Posted on 03/10/2023 12:06:24 AM PST by marktwain

Maj Toure gets straight to the point. “Does anyone have any gun trauma?” he asked. “Anyone have any PTSD with guns before I take mine out?”

He stood before three slightly damp people who were shaking their heads no. Two women and a teenage boy had arrived at Toure’s Solutionary Center, a nonprofit focused on combating crime, during a downpour on a Saturday afternoon in December for a private class on guns and the Second Amendment.

In 2016, Toure founded Black Guns Matter, a Philadelphia-based gun rights advocacy and education group focused on African Americans that offers free classes on everything from conflict resolution to yoga. People fly him around the country to speak. But teaching members of the Black community here in Philly how to use firearms to defend their life and liberty is his calling.
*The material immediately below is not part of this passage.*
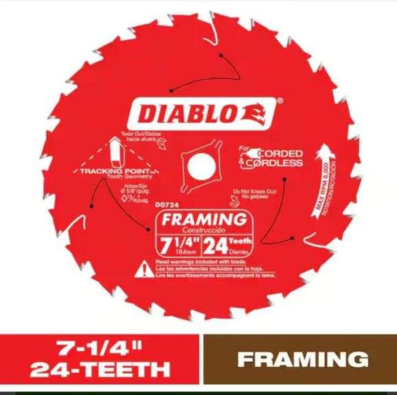 LOT 2039 - DIABLO 7-1/4in. x 24-Teeth Tracking Point Framing Saw Blade for Wood
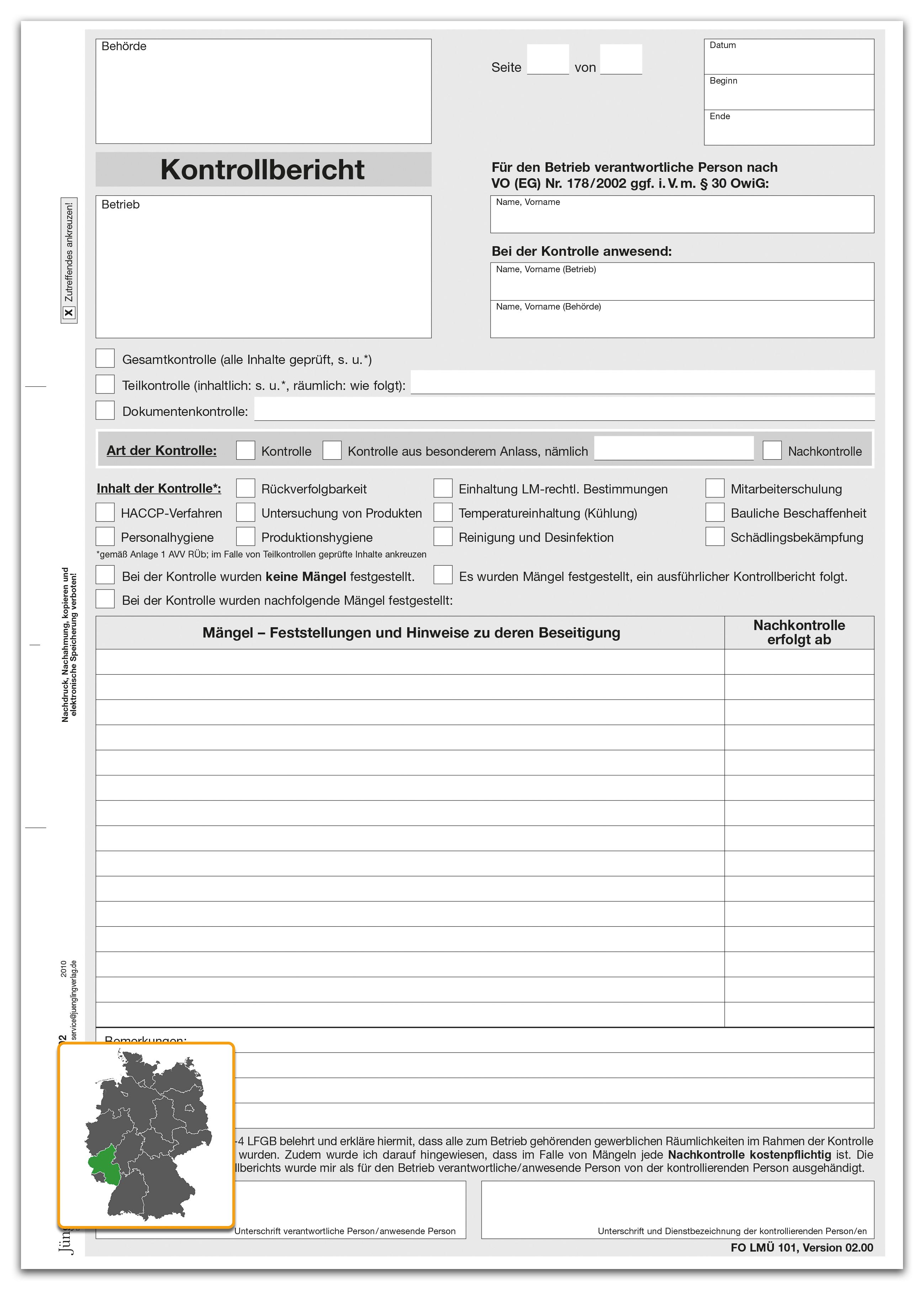Produktinformationen "Kontrollbericht FO LMÜ 101 Version 02.00, A4 2-fach, SD"

“There’s not a question that more Black people would be alive today if they had guns,” Toure told me.

Toure and his students are a part of the fastest growing — and most often ignored — segment of gun owners in the United States: Black Americans.

Between 2014 and 2021, the percentage of African American adults who own registered firearms nearly doubled — from 14% to 24%. And, according to industry figures, gun purchases by Black Americans spiked nearly 60% from the first half of 2019 to the same period in 2020.
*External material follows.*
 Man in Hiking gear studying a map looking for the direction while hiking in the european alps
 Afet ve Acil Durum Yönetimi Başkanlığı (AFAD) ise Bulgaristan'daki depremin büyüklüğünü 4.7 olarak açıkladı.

Over the last six months, I interviewed 14 Black gun owners in the greater Philadelphia area. These individuals welcomed me into their homes and communities. They showed off their guns and demonstrated their skill and prowess at using them.

The gun owners that I spoke with said that they were furious at media stereotypes portraying them as thugs and criminals, devastated by the violence plaguing their communities, and disgusted by gun control measures they say can contribute to an even more dangerous society. A recurring theme among the Black gun owners with whom I spoke was this: They want people to understand they are American citizens exercising their constitutionally protected rights. They are not looking for a more violent society, just a freer one.

Gun ownership, they told me, is both a civil and human right. The history of gun control is rooted in racism — from the laws that prevented the formerly enslaved from owning firearms after the Civil War to the arbitrary denial of gun permits that persisted into the 20th century. Historically, gun control laws were used as a tool to deny Black people equal access to firearms. Seemingly innocuous gun control measures can disproportionately impact Black gun owners — especially women.

Tyekah Dixon never expected to find love at a gun range. But that’s where her now husband Tom took her on their first date in 2014. She was terrified of guns and skeptical of Tom. In 2005, she had lost her children’s godfather to gun violence.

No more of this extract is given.